From Thomas Jefferson to John Smith, 5 May 1802
To John Smith
Washington May 5. 1802
Sir
I have to acknolege the reciept of your Latin grammar, by post for which I pray you to accept my thanks. my occupations will probably not permit me immediately to have the satisfaction which I have no doubt I shall derive from the perusal of it: but I am pleased with every effort to facilitate the acquisition of the Greek & Latin languages. I do not give into the modern doctrine that the time spent on those languages is time lost. they usually occupy a portion of life when the mind is not strong enough but for matters of memory. they have furnished us with the only models of rational, correct, and chaste composition: no other antient nation having left, nor any modern one (not conversant with these models) having produced, any works of that character. the luxury too of reading them in their original language is one for which I feel more thankful to those to whom I owe it than for any of the things which the world usually calls luxuries. under these impressions I see with pleasure the taste for these languages cultivated, and ascribe to you the merit you may justly claim in this work. permit me to join here my thanks for the other volume also, and to tender you my best wishes and respects.
Th: Jefferson
PrC (DLC); at foot of text: “Mr. John Smith. Dartmouth.”

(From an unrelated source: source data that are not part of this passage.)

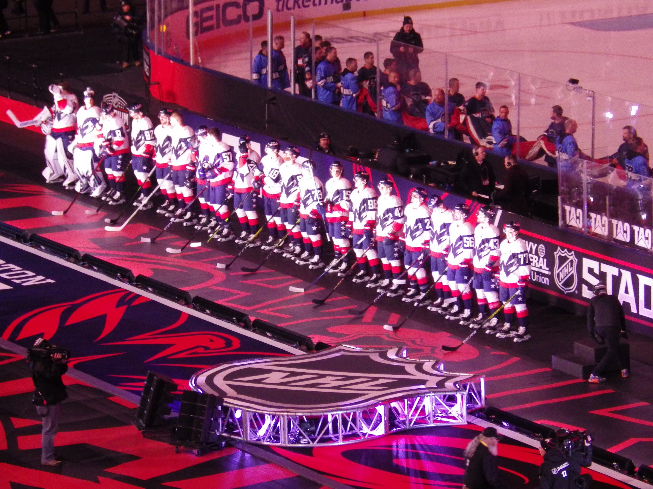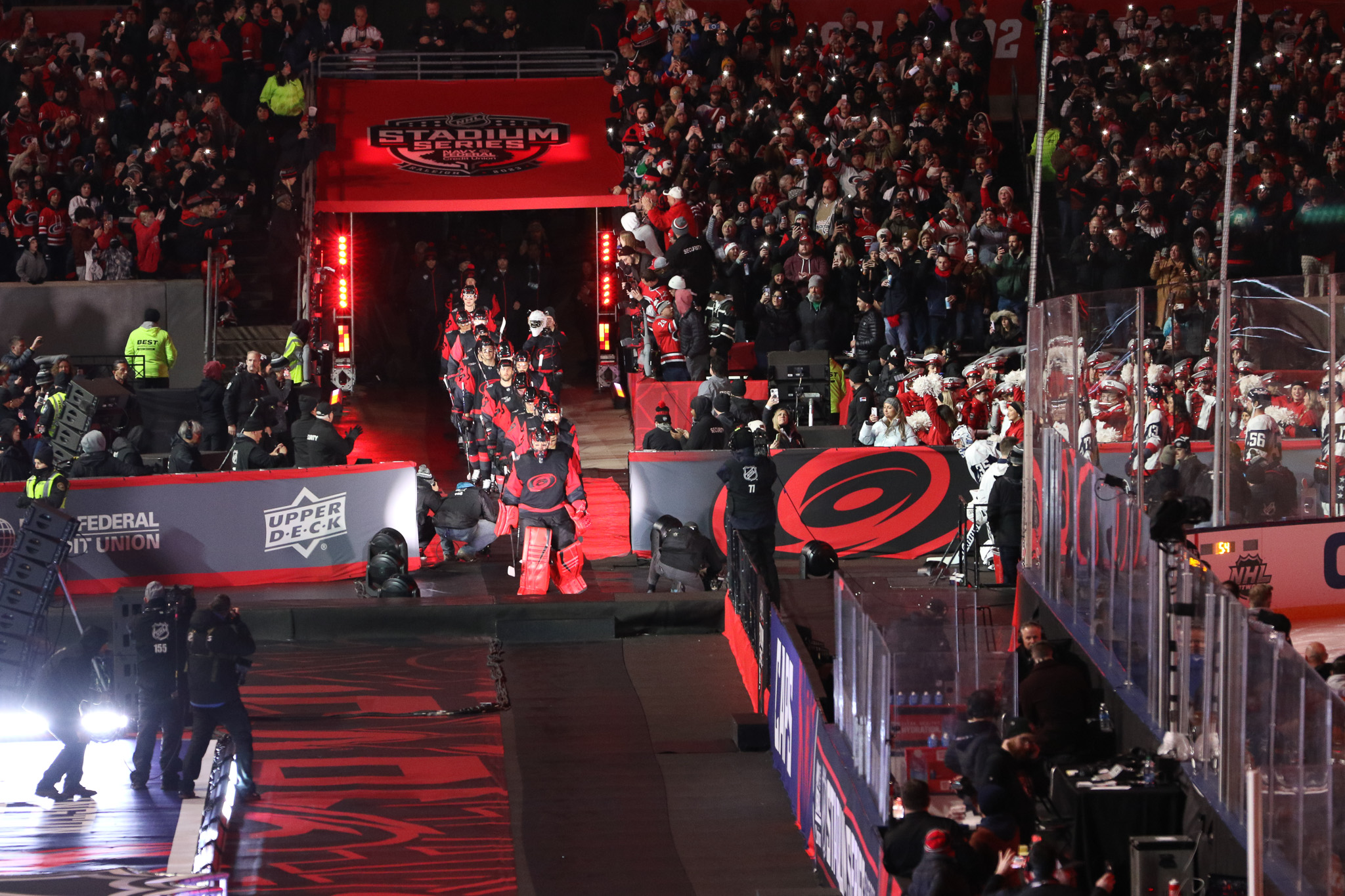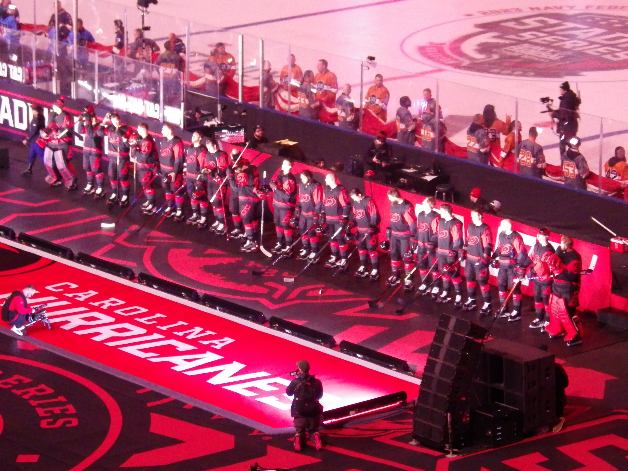 Teams began to emerge down their respective runways as they did at pre-skate, but this time, the Hurricanes advanced first, walking the length of their runway, but instead of stepping onto the ice on the west side, they positioned themselves between the boards and a logo moniker in front of them, closer to and facing the crowd.
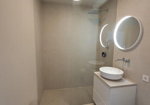 Hochwertige Ausstattung mit Fliesen und moderner LED-Beleuchtung
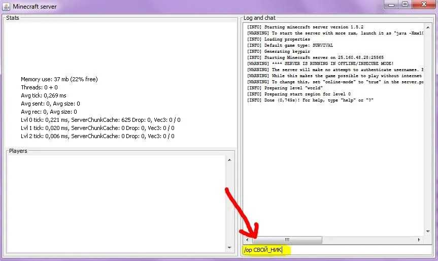 Для начала я на всякий случай напомню для тех, кто только что создал свой сервер в Minecraft: что бы стать админом на своем сервере вам нужно будет от имени сервера написать:
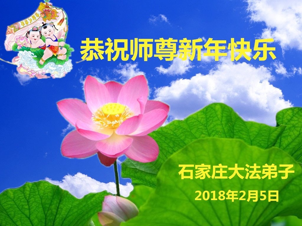 师父:您好!您辛苦了! 我们想念师父,我们盼望师父早日回来,在新的一年,一定做好三件事,救度众生。感谢师父慈悲苦度,谢谢师父。 2018年2月5日 河北省石家庄市桥西区一学法小组全体大法弟子恭祝慈悲伟大的师尊新年好!
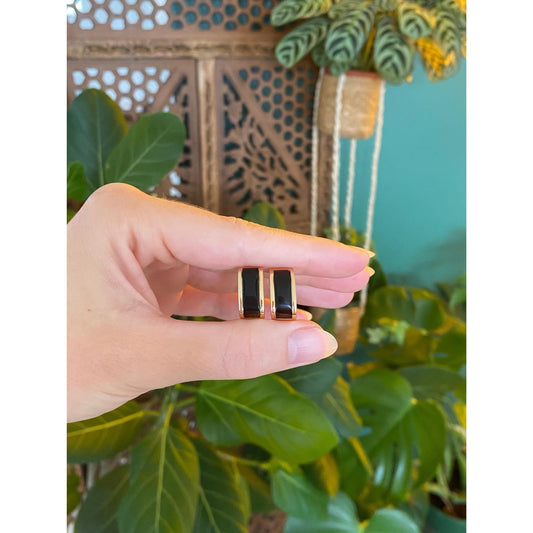 Vintage Solid 14k Yellow Gold Black Onyx Drop Earrings
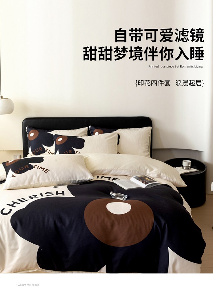 (总)色鬼布艺高端家居主号 2025新款潮牌数码印花牛奶绒四件套,爱心满满,白香,黑白V,黑色爱心,花千树,景年,咖老花,绿色花朵,晴末,条纹女孩,小白熊,小黑熊,英伦,英伦熊,枝繁叶茂
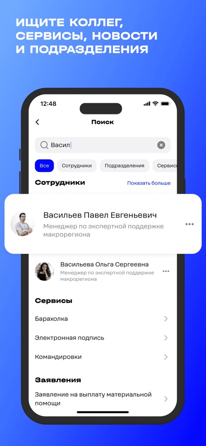 Приложение “На связи” — это самый удобный способ создать и согласовать командировку, найти контакты коллег и узнать новости компании.
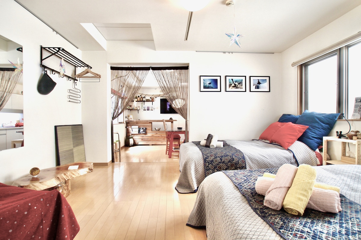 面积87平方米之大的现代日式风格公寓酒店,可容纳9位旅客,位置处于离涩谷站坐四分钟电车就可到达
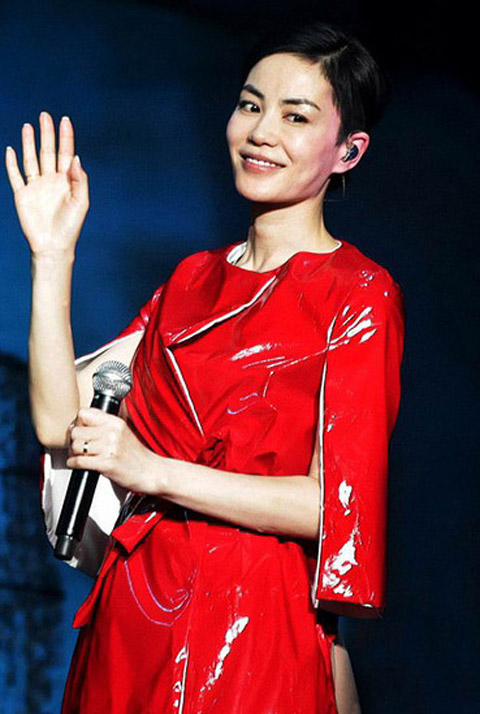 这是一款非常个性的女生短发发型,让王菲看上去十分前卫。
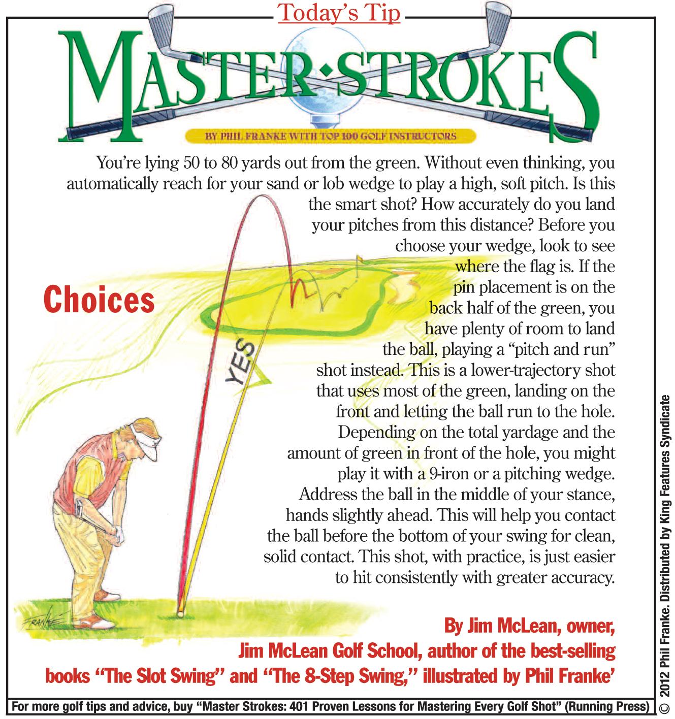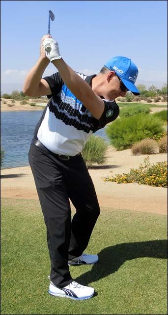 The left shoulder can turn to a point where you may feel it under your chin. By rehearsing swings to the top position, you can determine if you’ve made a large enough turn by feeling the shoulder move under the chin. Allow your head to even swivel slightly for a larger turn. Normally, golfers make considerably shorter turns than any rehearsal position, so use your practice as way to improve your body coil. Strive to make a shoulder turn of at least 80 plus degrees.
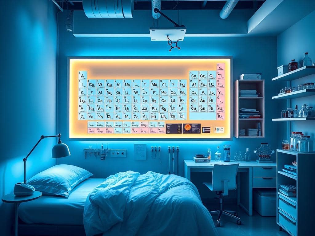 Transform the space with periodic table displays, molecular structure art, and safe experiment area.
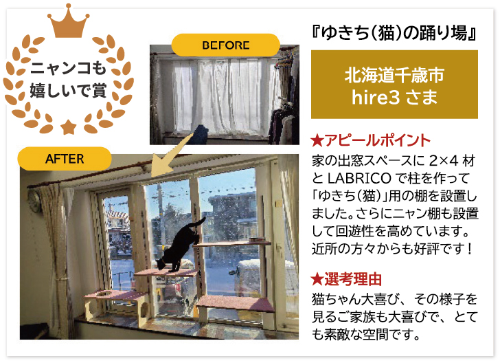 家の出窓スペースに「2×4材」と「LABRICO」で柱を作って「ゆきち(猫)」用の棚を設置しました。さらに「ニャン棚」も設置して回遊性を高めています。 通りかかる近所の方々からも好評です!
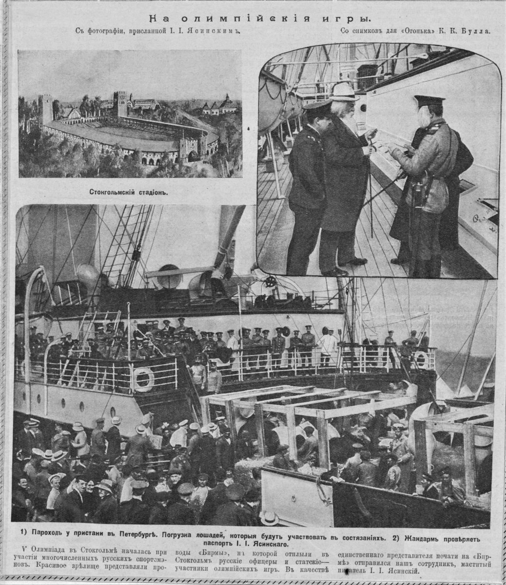 Пишут что Россия отправила “около 200 человек”. Но результат вышел весьма скромным - 2 серебра и 3 бронзы. Финляндия хоть и входила в состав Российской Империи, но выступала отдельно, и получила 4-е место в командном зачете, завоевав 26 медалей, в том числе 9 золотых. В статье об отбытии спортсменов на олимпиаду автор “Синего журнала” был не очень оптимистичен. Но промахнулся с прогнозами. Он был уверен, что за стрельбу медали точно не получим, а у кавалеристов шансы хороши. В итоге 2 из 5 медалей были как раз за стрельбу, а у кавалеристов - ничего. Спортсмены отправились в Стокгольм на корабле “Бирма”, где они похоже и жили, если верить подписи к одному из фото в “Огоньке”.
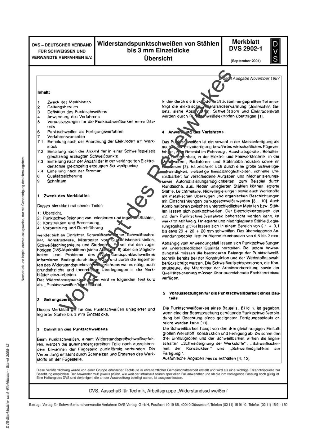 Diese Merkblatt mit seinen Teilen 1: Übersicht, 2: Punktschweißeignung von unlegierten und legierten Stählen, 3: Konstruktion und Berechnung, 4. Vorbereitung und Durchführung wendet sich an Einrichter, Schweißfachmänner, Schweißtechniker, Konstrukteure, Mitarbeiter von Qualitätskontrollstellen, Schweißfachingenieure und Studenten. Es soll mit den zugehörigen DVS-Merkblättern (siehe Abschnitt 9) über die Möglichkeiten und Probleme des Widerstandspunktschweißens informieren. Bedingt durch dieses Ziel und durch die Eigenheiten des Widerstandspunktschweißverfahrens war es nötig, auch grundsätzliche und theoretische Überlegungen in die Merkblätter einzuarbeiten. Da Widerstandspunktschweißen wird im folgenden Text kurz als "Punktschweißen" bezeichnet.

John Smith (1752–1809) was a tutor and professor of Latin, Greek, and Hebrew at Dartmouth College from 1778 until 1809. He was also librarian for 30 years, trustee, and minister of College Church in Hanover, New Hampshire. The first edition of his Newhampshire Latin Grammar: Comprehending All the Necessary Rules in Orthography, Etymology, Syntax, and Prosody; with Explanatory and Critical Notes, and an Appendix, was published in Boston in 1802 (Dartmouth Gazette, 30 Jan. 1802; Baxter Perry Smith, The History of Dartmouth College [Boston, 1878], 211–17, 452–3; No. 4788).
THE OTHER VOLUME: Smith may have sent TJ a copy of one of his earlier published sermons, The Duty, Advantages, and Pleasure of Public Worship, Illustrated in a Sermon Preached at the Dedication of the Meeting-House, in the Vicinity of Dartmouth College, December 13, 1795 (Hanover, N.H., 1795; No. 29528) or A Sermon Preached in Randolph, June 3, 1801, at the Ordination of the Rev. Mr. Tilton Eastman (Randolph, Vt., 1801; , No. 1333).